Murad also failed to deal even handedly with the press and public at times.

Murad had hired a Public Information Officer (PIO), but limited her work.  He failed to provide her a cell phone so the media could never reach her nights and weekends for information on breaking news stories, including homicides, shootings, stabbings, drugs raids, aggravated assaults and other serious cases in the city.

The post of PIO for Burlington Police was eliminated when Mayor Mulvaney-Stanak announced her plan in May to eliminate 25 city jobs in an effort to fill an $8 million shortfall in the budget.  The Mayor has since learned her accounting was off and there is an additional $1.8 million in needed cuts.

It was hit and miss with news releases from Murad, who kept under wraps some major cases, including the theft of and damage to a taxpayer-owned fire engine by a drug addict. The addict, who the fire department was assisting for an overdose, jumped into the large $400,000 truck and later crashed it. Murad later admitted at an unrelated news conference that he had left it up to the Burlington Fire Chief to report to the public both the theft and the subsequent arrest by the police department.  The fire department union eventually made the theft and crash public in a social media post.

Murad also caused a stink in the community when he threatened to arrest a trauma doctor who was treating an 18-year-old gunshot victim in the Emergency Department at the UVM Medical Center on Aug. 11, 2022.  It was another case of tactics of the New York City Police Department, where Murad had previously worked, not flying well in Vermont.

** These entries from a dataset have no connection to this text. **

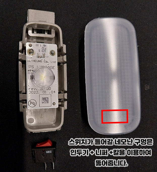 스위치가 들어갈 네모난 구멍을 커버쪽에 뚫어줍니다.
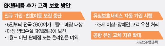 SK텔레콤은 직영점·대리점을 포함한 모든 T월드 매장에서 신규 고객 상담을 중단하고 유심 교체 업무에 집중하기로 했다. 모집 중단 기간에 발생한 매장 영업 손실에 대해서는 보전할 방침이다. 하루 유심 교체 가능 대상은 20만~25만 명으로 추산되며 15일 이후부터는 유심 부족 사태가 해결될 것으로 전망된다. 다만 SK텔레콤과 직접 위탁계약을 맺지 않은 전국 수만 곳의 휴대폰 판매점이나 온라인 유통 채널의 가입자 유치는 계속 유지된다. 유 대표는 “SK텔레콤과 직접 계약을 맺지 않는 판매점은 대리점보다 더 소상공인이기에 영업을 중단하라고 말하는 것은 굉장히 어려운 일”이라고 설명했다.
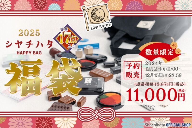 スタンプ印でお馴染みのシヤチハタは、本日12月2日(月)午前11時から「2025シヤチハタ福袋」の予約受付を開始します。シヤチハタ製品17品目、13,871円相当が入った福袋が11,000円とお得な価格設定になっています。
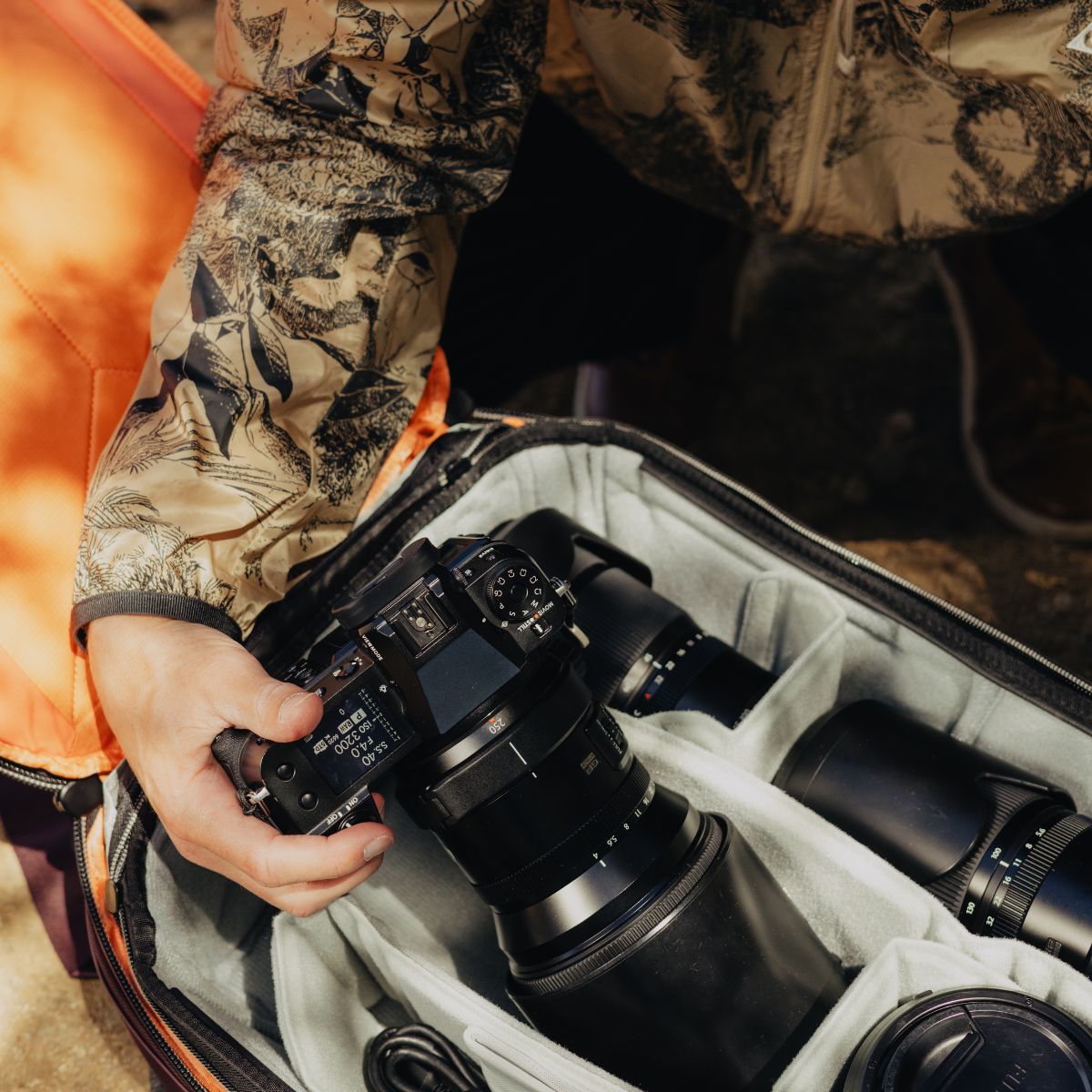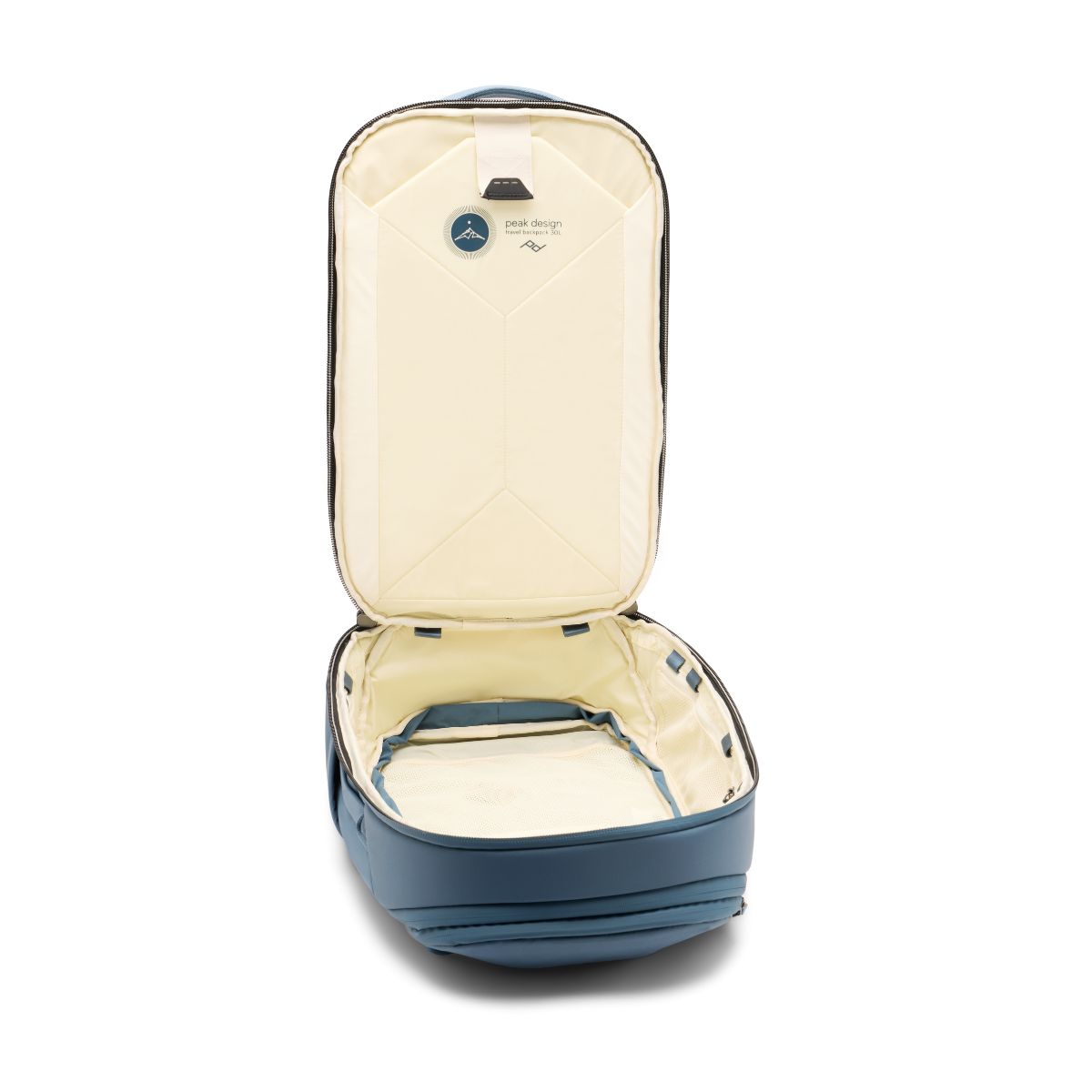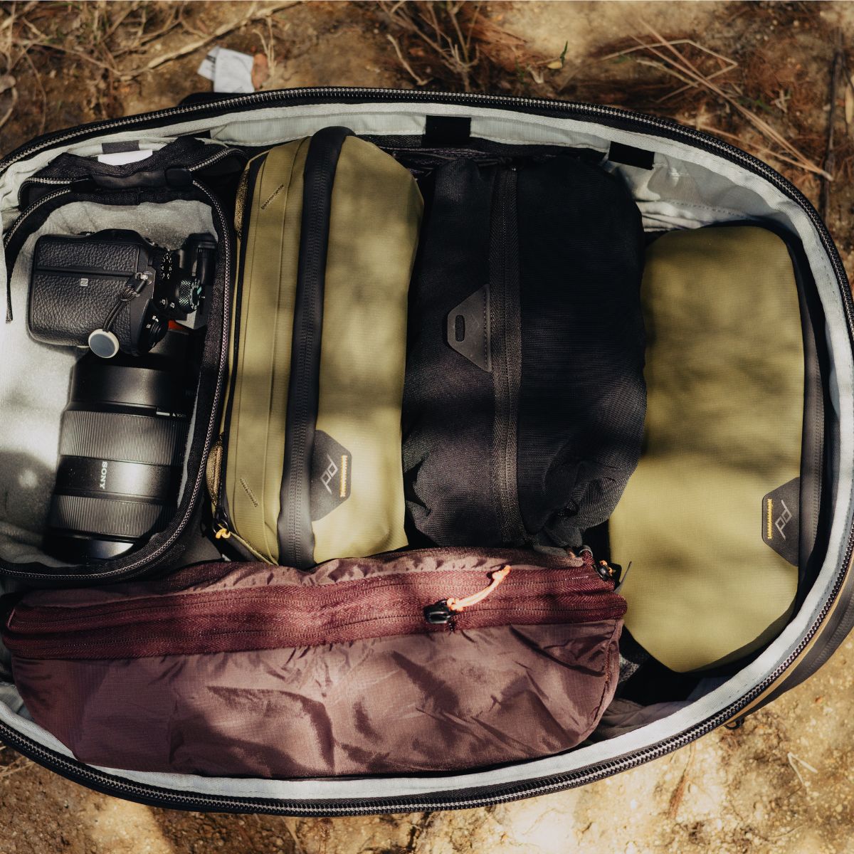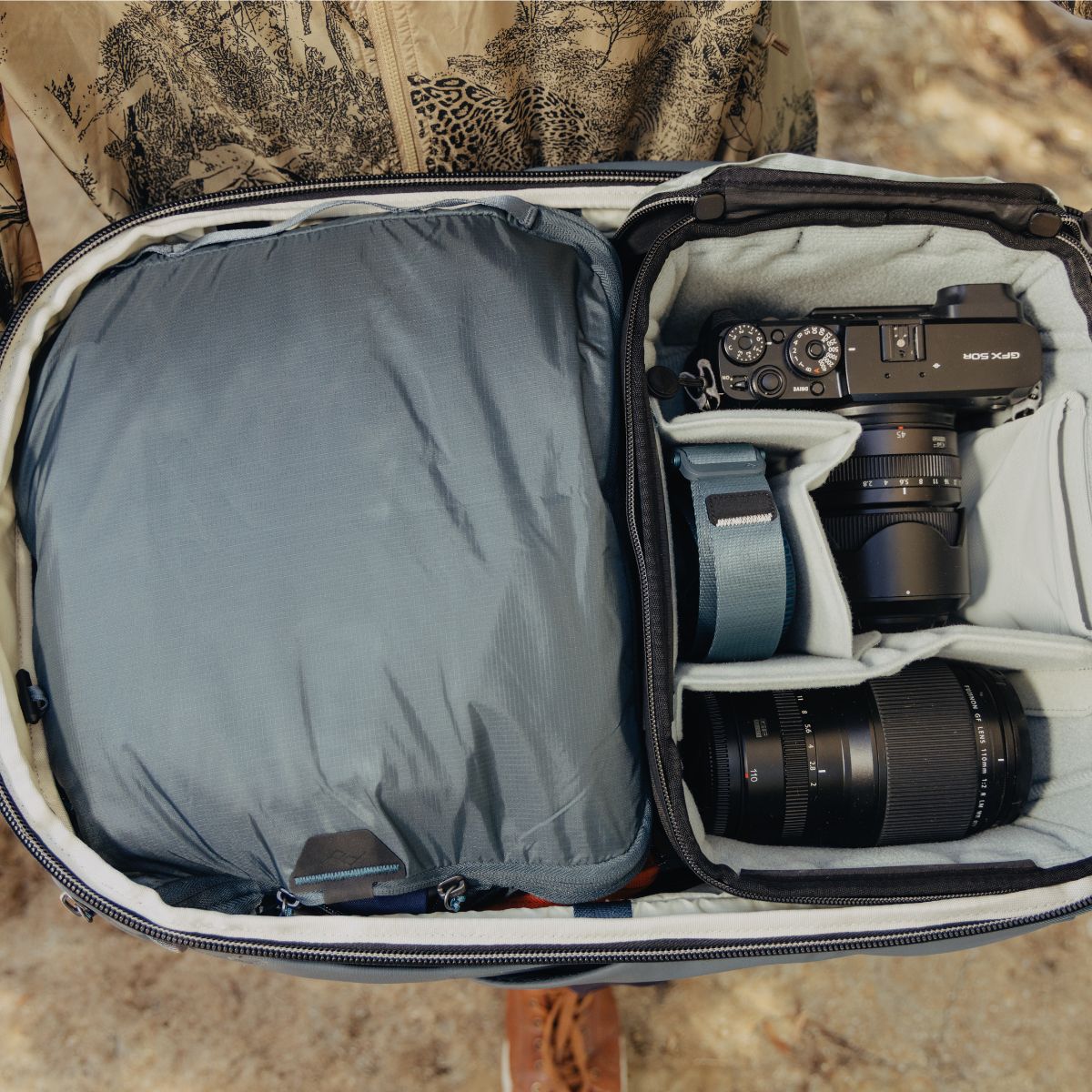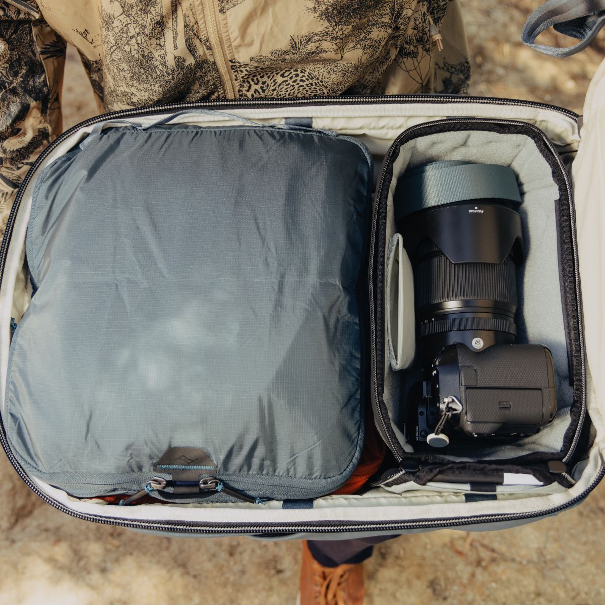 Works seamlessly with Peak Design Packing Cubes and Pouches, sold separately. Fits Peak Design Camera Cubes, but only in its expanded form. For optimal photo gear carry, we recommend the larger 45L Travel Backpack.

The Mayor never told the city council about the Medical Center confrontation for four months and the case was later sent to the Vermont Criminal Justice Council.  The Council ruled in September 2023 the behavior did not rise to the level of unprofessional police conduct under the law. Murad offered an apology to the doctor.

The police also were defendants in a few race-related lawsuits over excessive force arrests and those weren’t brought to the attention of the city council immediately.

Murad also has tended to refrain from returning calls to some of the more senior media members that would ask tough questions and often have unwelcomed follow-up questions that held his feet to the fire.  Instead, Murad tried to deal mostly with young TV reporters that just turned on the camera and let the former high school actor freely speak.